We pass this, however, without further comment.

This case was once before the Court of Appeals of Mahoning Co. (23 Abs 353) That court at that time was called upon to consider a judgment in favor of the plaintiff in the amount of $13,000.00. The Court of Appeals reversed the judgment, for the reason that the issue of negligence was presented to the jury and the Court found as a matter of law that the employee of the defendant could not be held to reasonably anticipate that a child 5% years of age would go to a door and stumble down a flight of steps. The case was remanded to the Court of Common Pleas for trial on the issues of whether or not the defendant through its employee was a trespasser and, if so, whether or not the injuries to the plaintiff were the direct and proximate result of such trespass.

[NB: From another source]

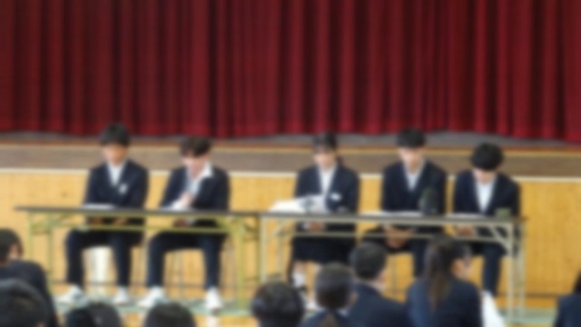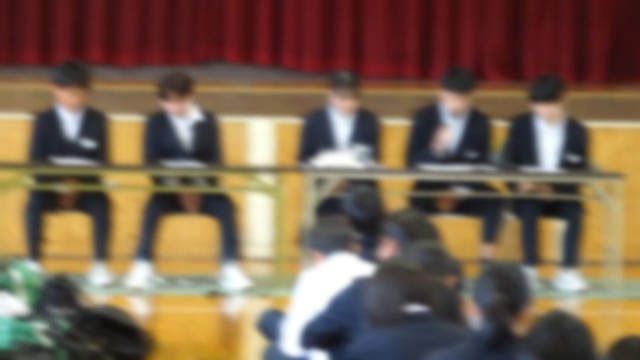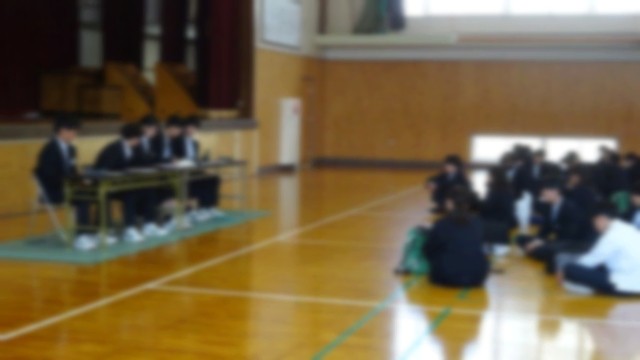 3月23日(月)の学活終了後に体育館で臨時生徒総会が開かれました。「頭髪に関する校則の改定」についての話し合いでした。生徒会長から、「頭髪の校則は、私たちの学校生活に関わる大切なルールの一つです。しかし、時代の変化や一人一人の考え方の多様化により、今の校則が本当に私たちに合っているのかを見直す必要があるのではないかという声が上がりました。この総会は、ただ意見を聞くだけの場ではなく、自分たちの学校を自分たちでより良くしていくための大切な機会です。それぞれが自分の考えを持ち、他の人の意見にも耳を傾けながら、より良い結論を目指していきましょう。」と臨時総会の目的が話されました。今回は、女子生徒のお団子ヘア(髪をまとめたヘアスタイル)について、ヘルメットを被ることができる位置でのお団子ヘアについての検討でした。この意見が出されるまでの経過が生徒会本部から説明され、大多数の生徒の皆さんが賛成でした。今回の臨時総会で、生徒の皆さんが校則や決まりの改定の手順を学んだと思います。今後も自分たちが不合理であると感じた校則や決まりについては、意見を出して議論し、より良いものに変えていくことが大切であると感じました。

The petition was amended to conform to the mandate of the court and trial was had upon these issues.

In view of the acquiescence of counsel in the conclusions of the Court of Appeals of Mahoning County, we are not here required to consider whether or not the issue of negligence should have been submitted to the jury as would have been necessary had not such.issue been abandoned by counsel for plaintiff. New York Life Ins. Co. v Hosbrook, 130 Oh St 101.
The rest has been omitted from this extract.